Nesse instante nos demos conta do absurdo que tinhamos cometido!  Se arrependimento matasse, ali mesmo estariamos estatelados no chão, mortíssimos!  A tia do Vicente, já nossa amiga, naturalmente e com toda razão iria ficar magoada conosco.  Que horror, meu Deus!  Talvez nunca mais voltasse a nos telefonar, o que seria um tranco terrível no nosso patrimônio afetivo!  Logo ela, tão diferente, enérgica e divertida!  Afinal, ligação telefônica errada nunca fez mal a ninguém!  Nunca fez!  Reagimos com firmeza, muita aflição e pedimos:



 -  Não, pelo amor de Deus, não faça isso, não fale nada com ela!  O engano foi nosso!  Não desejamos que ela sinta a menor mágoa!  Deixa ficar!  Nos tornamos amigos e é preciso preservar essa amizade, coisa tão difícil hoje em dia!... E o senhor quer saber de uma coisa: se ela voltar a ligar de madrugada, não tem a menor importância!  A gente atende, esclarece e volta a dormir de novo...  Mesmo que nada!  O senhor nos promete que não falará absolutamente nada com ela?  Promete?



Do outro lado da linha, uma voz ausente do nosso sufoco, perplexa, respondeu:



 -  Prometo!



Isabella, tão jovem e tão brilhante, a querida filha caçula deste autor, informada colocou uma observação pertinente, mas muito triste, amarga:



 - Isso é solidão.

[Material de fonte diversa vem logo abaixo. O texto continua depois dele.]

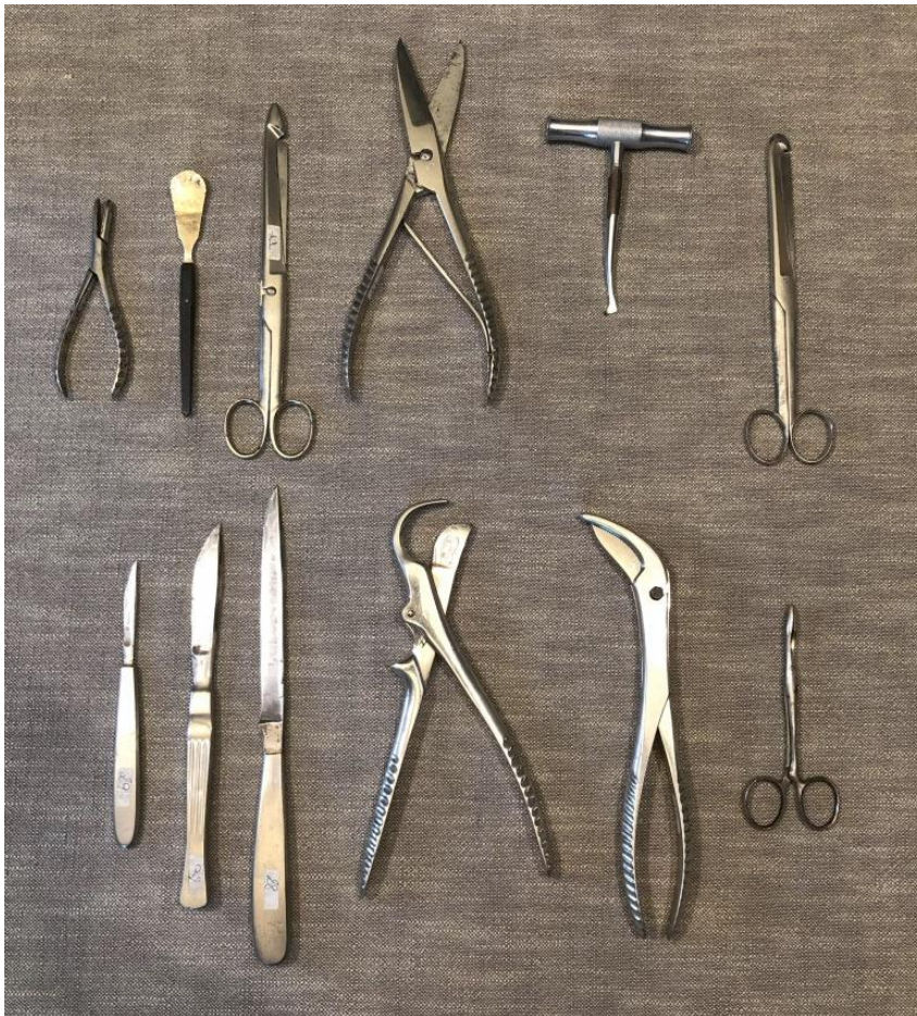
Autopsiemateriaal, gebruikt door Dr.Sano.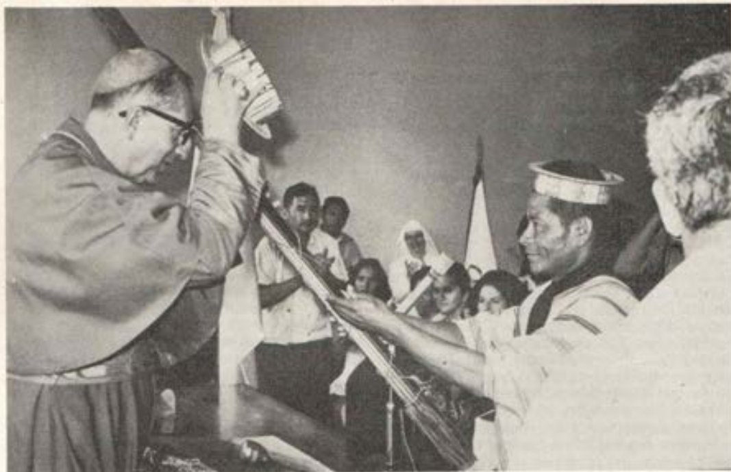
El jefe de la comunidad indígena "Campa" de Pampa Michi (San Ramón) entregando las flechas y el característico sombrerito de los campas al Cardenal Juan Landázuri, quien cumple 20 años como Arzobispo de Lima.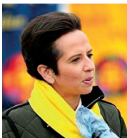
加拿大国会议员 Melissa Lantsman

美国明尼苏达州州长蒂姆·沃尔兹 (Tim Walz)、印第安纳州州长埃瑞克·霍科姆 (Eric Holcomb)、内布拉斯加州州长吉姆·皮伦 (Jim Pillen)、宾夕法尼亚州州长乔什·夏皮罗 (Josh Shapiro)，分别宣布二零二四年五月十三日为法轮大法日或表彰法轮大法。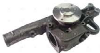
Bomba de agua MB 712 914 un termostato

Código 2006506 | 9042000201 | 9042000201 9042002201 9042000701 9042003801 1393 BA453 9042002501 10172 26506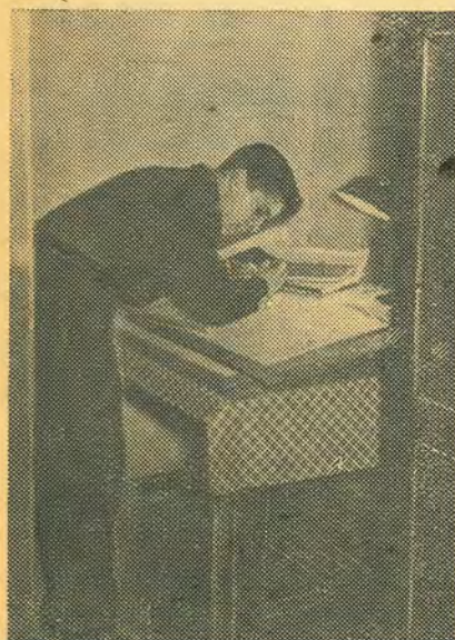
Некоторые предпочитают и в субботу заниматься.

O velho não tem plateia, nada lhe acontece de novo, conta sempre as mesmas histórias.  Essa senhora, por falta de gente com quem conversar, valendo-se de um engano, na certa criou tudo isso, Papai.



Pois agora, ambas , as nossas amigas, já têm quem lhes dê atenção.  Podem contar conosco, para ouví-las, perguntar, interessar, nos curtirmos, conversarmos até de madrugada, a hora que for...



A propósito: qual será o nome da tia do Vicente?